David - I'm aware of this, the discussion is which behaviour is ok. Let's go
back to a real life example. I've already researched that the squid web proxy
has a poll() based main loop doing nonblocking connects, may be with multiple
threads.
Situation: One user wants to access a web page that needs IPSEC. The SA takes
30 seconds to come up.
a) Non-blocking connect is respected: SYN packets during the first 30 seconds
will be dropped as you said. Connection can be completed on the next SYN
retry (timeout in linux: 3 minutes). During this time, the 500 other users
can continue to browse using the proxy.
b) Non-blocking connect is ignored during IPSEC resolving as you advocate it:
Connection for the one user can be completed immediatly after IPSEC comes up.
That's the pro. However, until then, the other 500 proxy user CANNOT ACCESS
THE WEB because squid's threads are stuck in connect()s on sockets they
configured not to block. If the IPSEC SA never resolves due to some network
outage, squid will sleep forever or until an admin configures it that it
doesn't try to connect the adress in question and restarts it.

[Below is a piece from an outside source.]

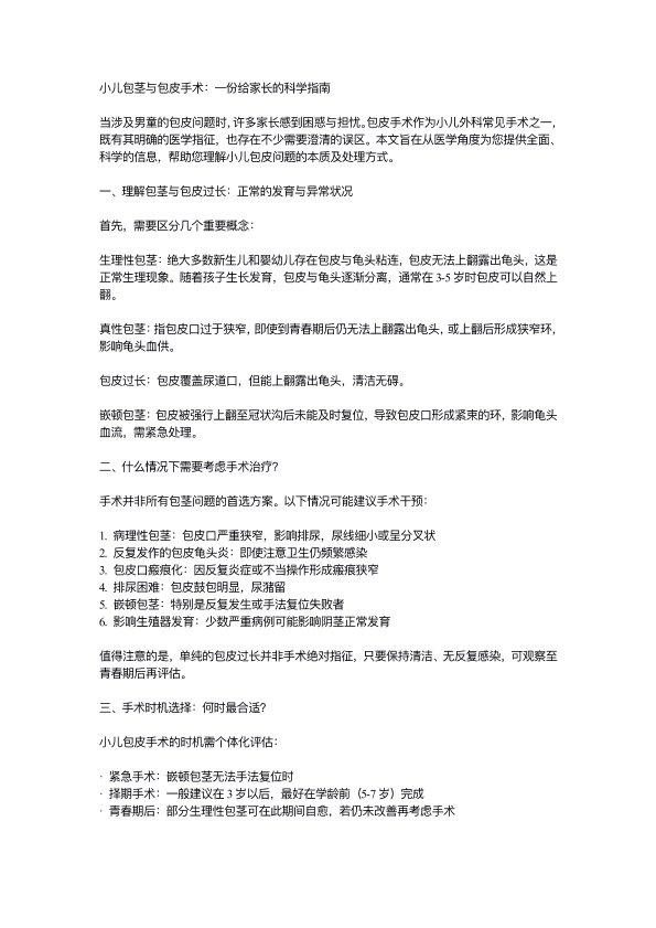 小儿包茎与包皮手术:一份给家长的科学指南

Don't you realize how broken this behaviour is? Can you give me ONE example of
an application that works better with b) and why this outweights the problems
it creates for everybody else?
Even the DNS example you posted in
<20071204.231200.117152338.davem@...emloft.net> is wrong because the second
server will never queried if the kernel puts the process into coma while the
IPSEC SA to the first server cannot be resolved.